UNSTEADY ELECTROOSMOTIC FLOW AND HEAT TRANSFER CHARACTERISTICS OF A CLASS OF BIOFLUIDS IN PARALLEL PLATE MICROCHANNELS UNDER HIGH WALL ZETA POTENTIAL

The unsteady electroosmotic flow and heat transfer characteristics of a class of biological fluids, namely blood containing suspended trace elements, in a microchannel bounded by two parallel plates driven by an external alternating electric and magnetic field at high wall Zeta potential are studied. Blood is regarded as a uniform and incompressible micropolar fluid, and its properties are analyzed mathematically. First, under the condition that Debye-Hückel (D-H) linear approximation was not used, the coupled equations of motion were developed by the perturbation method, and then the equations were solved by the finite difference method, and the numerical solution was given. Under the low wall Zeta potential, the numerical solution was compared with the analytical solution obtained by using D-H linear approximation. The reliability of the numerical method in this paper was proved.

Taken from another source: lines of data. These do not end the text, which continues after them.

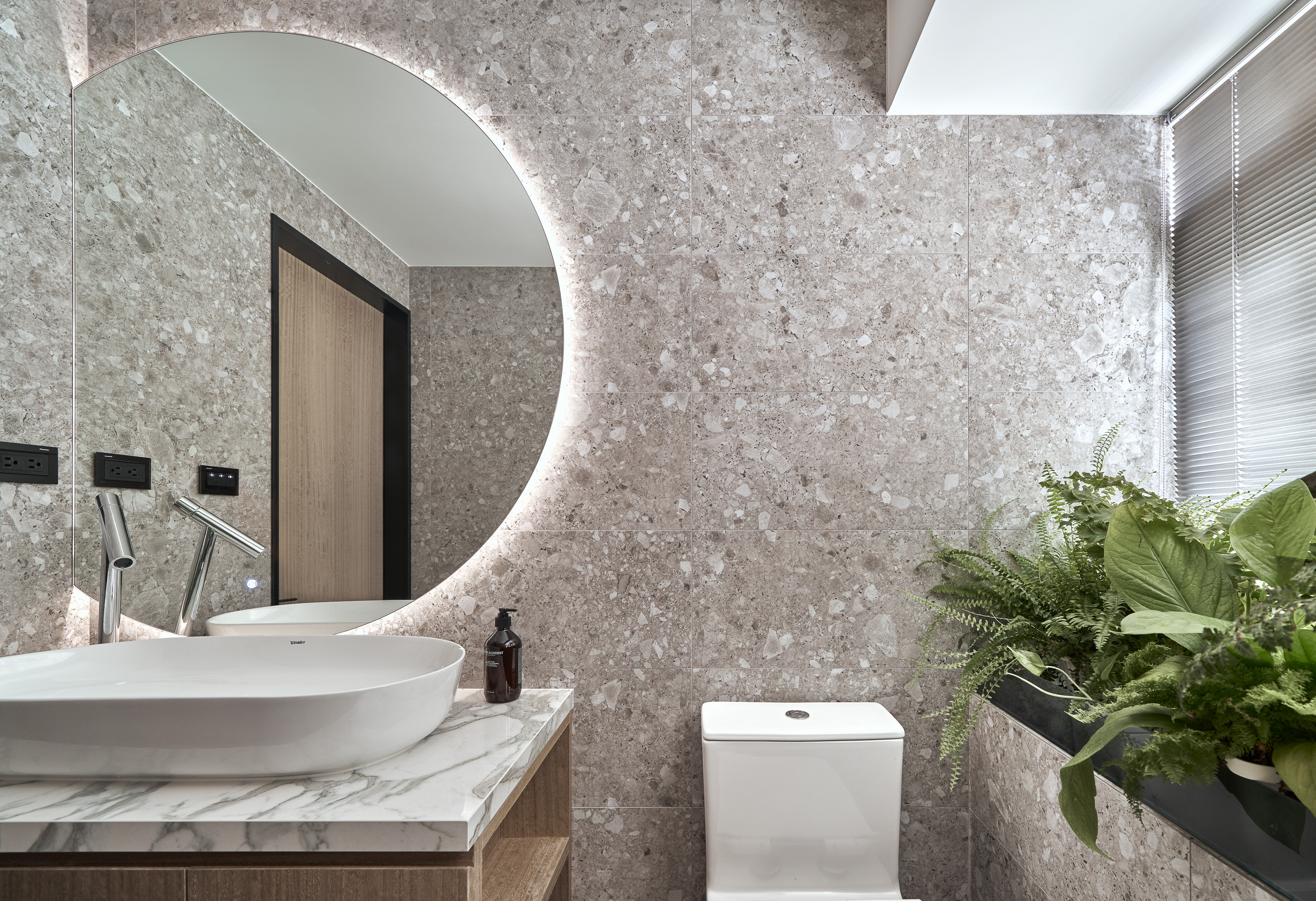 鋪設略帶懷舊磨石磚質感的客用衛浴,搭配上切割圓型鏡,為空間營造符合現代的設計元素。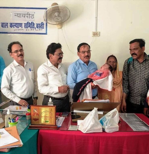 काफी खोज बीन के बाद जैविक माता पिता के न मिलने की दशा में न्याय पीठ के अध्यक्ष प्रेरक मिश्रा, सदस्य अजय श्रीवास्तव, डॉ0 संतोष श्रीवास्तव, मंजू त्रिपाठी द्वारा शिशु को एडाप्शन के लिए फ्री घोषित किया गया था। गुरुवार को केंद्र सरकार की एजेंसी कारा के तहत सम्पूर्ण प्रक्रिया पूरी करने के बाद शिशु के कानूनी अभिभावक शिशु गृह के अधिकारियों के साथ न्याय पीठ के दफ्तर पहुंचे और शिशु को गोद देने की औपचारिकता पूर्ण करने की बात कही, न्याय पीठ के अध्यक्ष एवं सदस्यों ने पत्रजातों का अवलोकन करने के बाद शिशु को उसके कानूनी माता पिता को सौप दिया। आगे की प्रक्रिया सम्बंधित जनपद से पूर्ण कराने का आदेश दिया।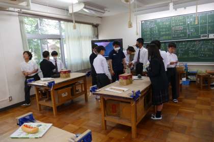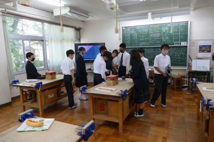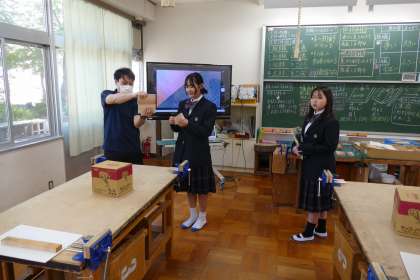 「材料と加工の技術」の単元で、生徒の皆さんは木材の特徴について、実験をしていました。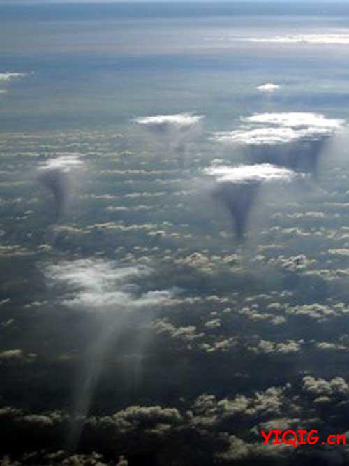 幡状云。幡状云是一种从云中落下的降水,但还没到地面前就已经蒸发。位于海拔更高处的降水会以冰晶体的型态出现,继而溶解、蒸发。这是由经压缩的热力所造成,而愈靠近地面时气压愈大。幡状云在沙漠地区极为常见。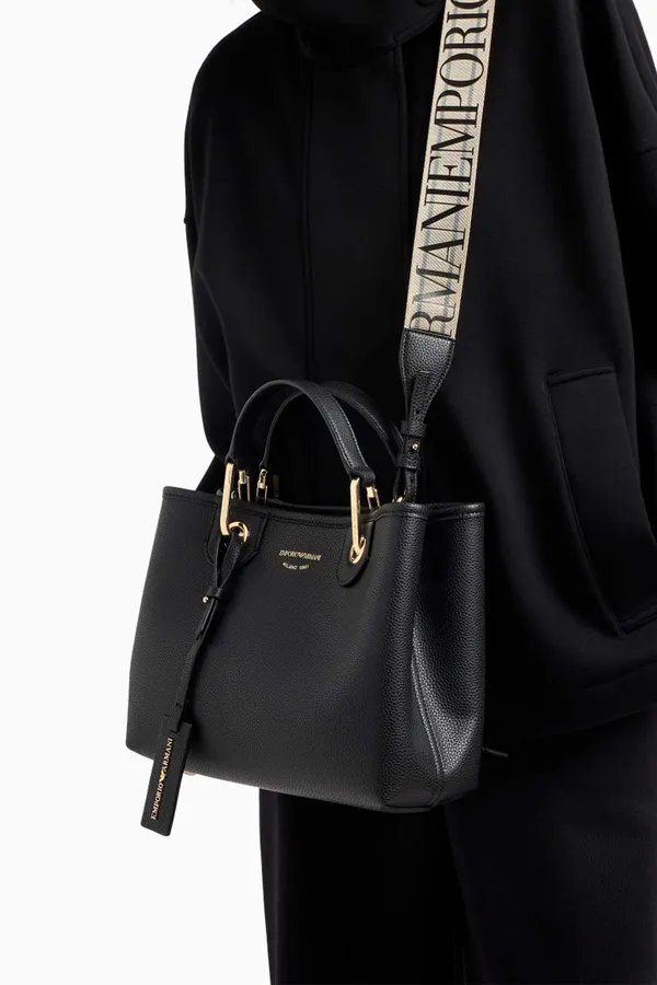 СУМКА-ШОПЕР MYEA S ЧЁРНАЯ ЭКОКОЖА, ТЕКСТИЛЬН.РЕМЕНЬ В ЛОГО В ТОН

Secondly, the influences of wall Zeta potential, micropolar viscosity, Debye-Hückel (D-H) parameters, concentration coefficient and Hartmann number on fluid flow characteristics were discussed, and the influences of Prandtl number and Brinkmann number on heat transfer characteristics were explored. The results show that: (1) the wall Zeta potential plays an important role in regulating the fluid motion characteristics, as the wall Zeta potential value keeps increasing, both the fluid velocity and micro-rotation will magnify accordingly, not only that, but it also leads to an expansion in temperature, this phenomenon clearly indicates that, compared with the case of low wall Zeta potential, high wall Zeta potential has a significant promoting effect on the electroosmotic flow process of micro-polar fluids; (2) at high wall Zeta potential, the micropolar viscosity enlarges, blood velocity and micro-rotation decrease, and heat transfer minishes; (3) at high wall Zeta potential, with the increase of D-H parameters and concentration coefficient, the speed and micro-rotation of blood are increased, and the temperature is magnified; (4) at high wall Zeta potential, the applied magnetic field obviously inhibits the fluid velocity; (5) at high wall Zeta potential, the augment of Prandtl number and Brinkmann number will promote the heat transfer of the fluid, causing the temperature to rise.